Closed
Description
Describe the bug
(venv) C:\ai1\LTX-Video>python inference.py
Traceback (most recent call last):
File "C:\ai1\LTX-Video\inference.py", line 23, in <module>
text_encoder = T5EncoderModel.from_pretrained(
File "C:\ai1\LTX-Video\venv\lib\site-packages\transformers\modeling_utils.py", line 3779, in from_pretrained
raise EnvironmentError(
OSError: Error no file named pytorch_model.bin, model.safetensors, tf_model.h5, model.ckpt.index or flax_model.msgpack found in directory Lightricks/LTX-Video.

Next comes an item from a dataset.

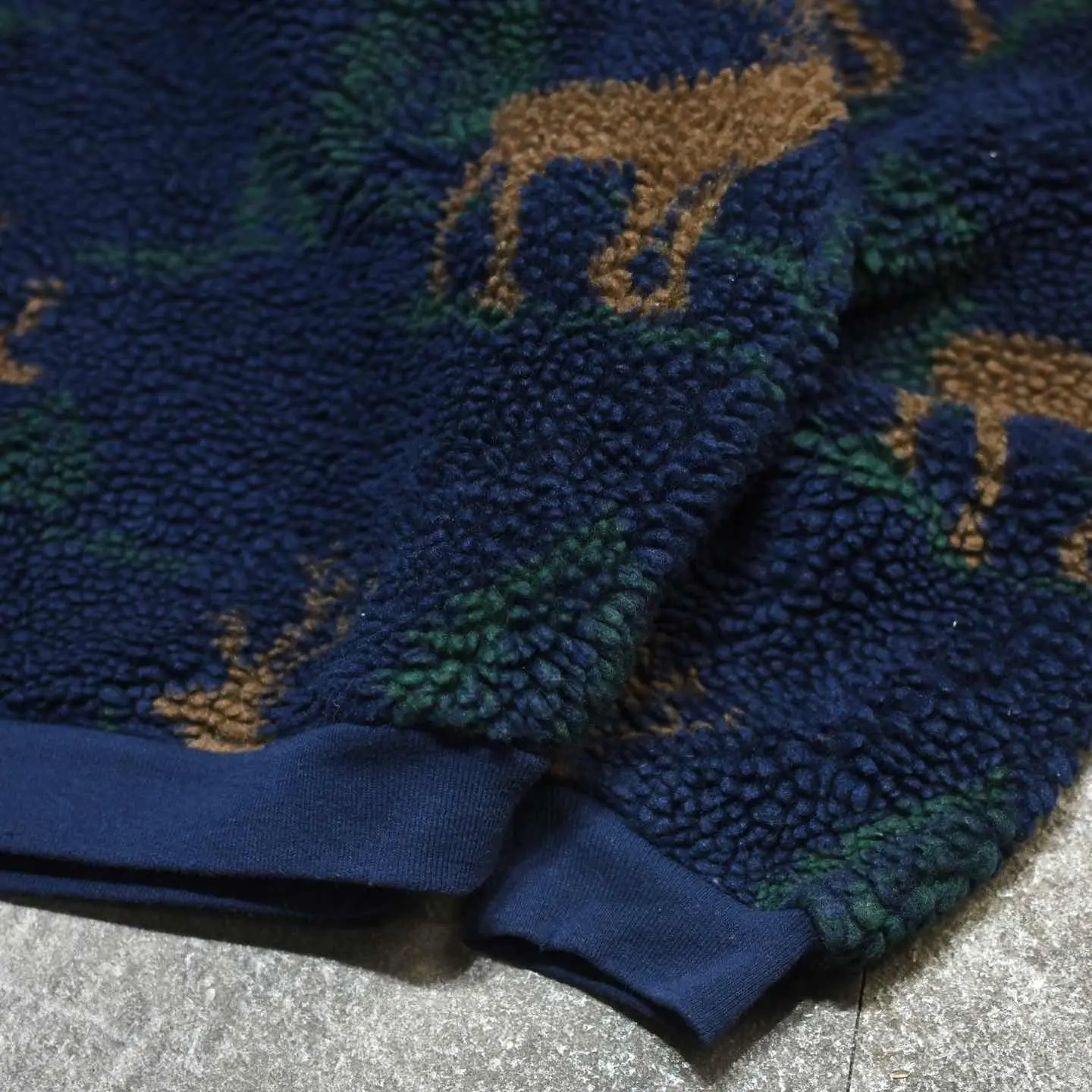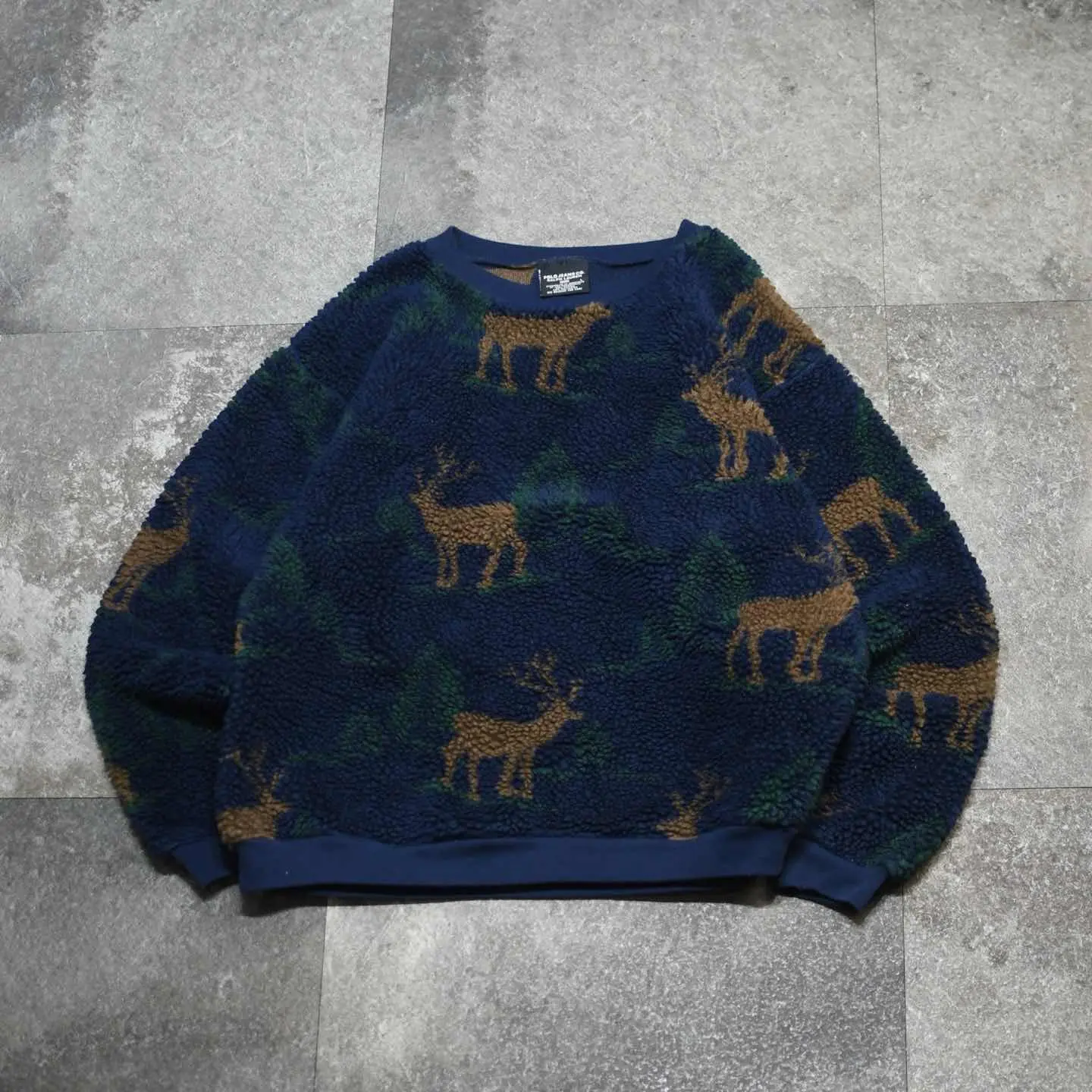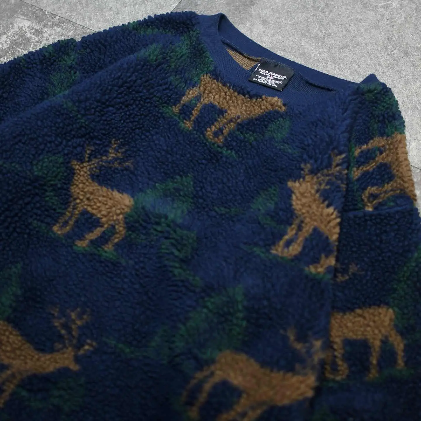 古着 polo jeans co. 総柄 鹿 フリース プルオーバー スウェット

(venv) C:\ai1\LTX-Video>python inference.py
Traceback (most recent call last):
File "C:\ai1\LTX-Video\inference.py", line 23, in <module>
text_encoder = T5EncoderModel.from_pretrained(
File "C:\ai1\LTX-Video\venv\lib\site-packages\transformers\modeling_utils.py", line 3779, in from_pretrained
raise EnvironmentError(
OSError: Error no file named pytorch_model.bin, model.safetensors, tf_model.h5, model.ckpt.index or flax_model.msgpack found in directory Lightricks/LTX-Video.
Reproduction
Install diffusers from source and use the code mentioned here
https://huggingface.co/docs/diffusers/main/en/api/pipelines/ltx_video
Logs
C:\ai1\LTX-Video\Lightricks>tree /F
Folder PATH listing for volume Windows-SSD
Volume serial number is CE9F-A6AE
C:.
└───LTX-Video
│ ltx-video-2b-v0.9.1.safetensors
│ model_index.json
│
├───text_encoder
│ config.json
│ model-00001-of-00004.safetensors
│ model-00002-of-00004.safetensors
│ model-00003-of-00004.safetensors
│ model-00004-of-00004.safetensors
│
├───tokenizer
│ added_tokens.json
│ special_tokens_map.json
│ spiece.model
│ tokenizer_config.json
│
├───transformer
│ config.json
│ diffusion_pytorch_model-00001-of-00002.safetensors
│ diffusion_pytorch_model-00002-of-00002.safetensors
│ diffusion_pytorch_model.safetensors.index.json
│
└───vae
config.json
diffusion_pytorch_model.safetensors
System Info
Windows 11/ Python 3.10.11
(venv) C:\ai1\LTX-Video>pip list
Package Version
------------------ ------------
accelerate 1.2.1
certifi 2024.12.14
charset-normalizer 3.4.0
colorama 0.4.6
diffusers 0.32.0.dev0
einops 0.8.0
filelock 3.16.1
fsspec 2024.12.0
gguf 0.13.0
huggingface-hub 0.25.2
idna 3.10
importlib_metadata 8.5.0
Jinja2 3.1.4
MarkupSafe 3.0.2
mpmath 1.3.0
networkx 3.4.2
numpy 2.2.0
packaging 24.2
pillow 11.0.0
pip 23.0.1
psutil 6.1.1
PyYAML 6.0.2
regex 2024.11.6
requests 2.32.3
safetensors 0.4.5
sentencepiece 0.2.0
setuptools 65.5.0
sympy 1.13.1
tokenizers 0.21.0
torch 2.5.1+cu124
torchvision 0.20.1+cu124
tqdm 4.67.1
transformers 4.47.1
typing_extensions 4.12.2
urllib3 2.2.3
wheel 0.45.1
zipp 3.21.0
Who can help?
import torch
from diffusers import LTXPipeline
from transformers import T5EncoderModel, T5Tokenizer
single_file_url = "Lightricks/LTX-Video/ltx-video-2b-v0.9.1.safetensors"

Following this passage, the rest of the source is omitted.